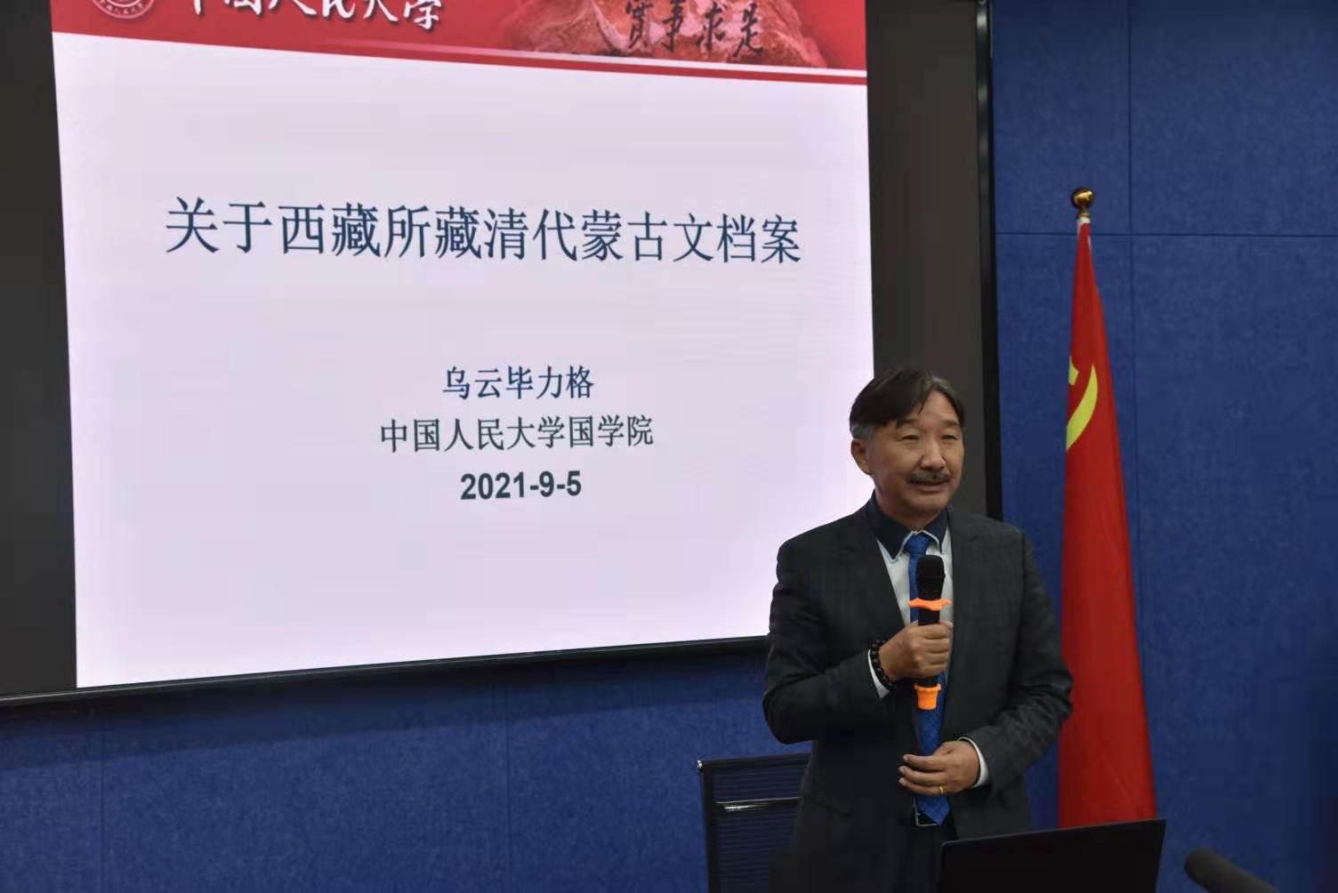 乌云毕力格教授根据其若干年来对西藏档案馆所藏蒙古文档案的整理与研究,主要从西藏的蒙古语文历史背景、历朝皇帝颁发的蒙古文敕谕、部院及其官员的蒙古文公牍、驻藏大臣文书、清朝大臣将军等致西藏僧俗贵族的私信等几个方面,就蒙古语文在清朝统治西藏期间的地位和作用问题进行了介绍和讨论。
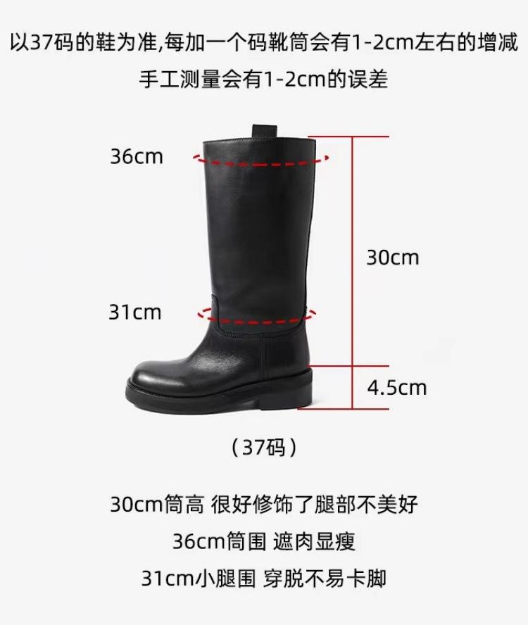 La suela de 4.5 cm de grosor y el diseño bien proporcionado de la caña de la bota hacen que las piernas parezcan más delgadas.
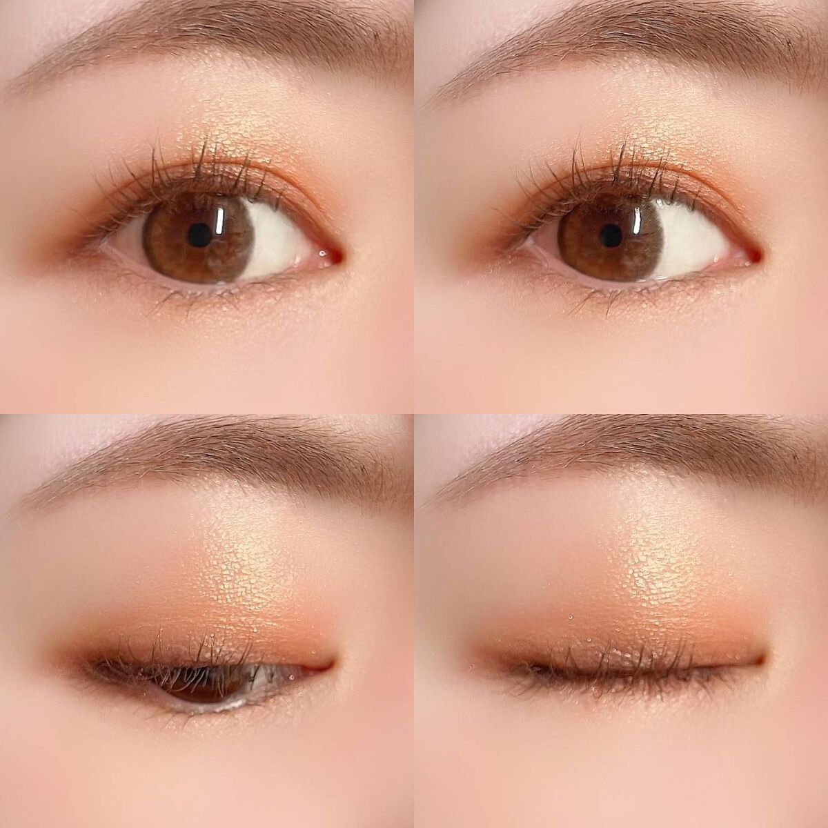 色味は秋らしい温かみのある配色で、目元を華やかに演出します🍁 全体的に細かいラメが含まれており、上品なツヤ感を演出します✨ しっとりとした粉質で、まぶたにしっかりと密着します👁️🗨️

Problem requirements: Output the material verbatim, skipping the images.

Response to the task:
 乌云毕力格教授根据其若干年来对西藏档案馆所藏蒙古文档案的整理与研究,主要从西藏的蒙古语文历史背景、历朝皇帝颁发的蒙古文敕谕、部院及其官员的蒙古文公牍、驻藏大臣文书、清朝大臣将军等致西藏僧俗贵族的私信等几个方面,就蒙古语文在清朝统治西藏期间的地位和作用问题进行了介绍和讨论。
 La suela de 4.5 cm de grosor y el diseño bien proporcionado de la caña de la bota hacen que las piernas parezcan más delgadas.
 色味は秋らしい温かみのある配色で、目元を華やかに演出します🍁 全体的に細かいラメが含まれており、上品なツヤ感を演出します✨ しっとりとした粉質で、まぶたにしっかりと密着します👁️🗨️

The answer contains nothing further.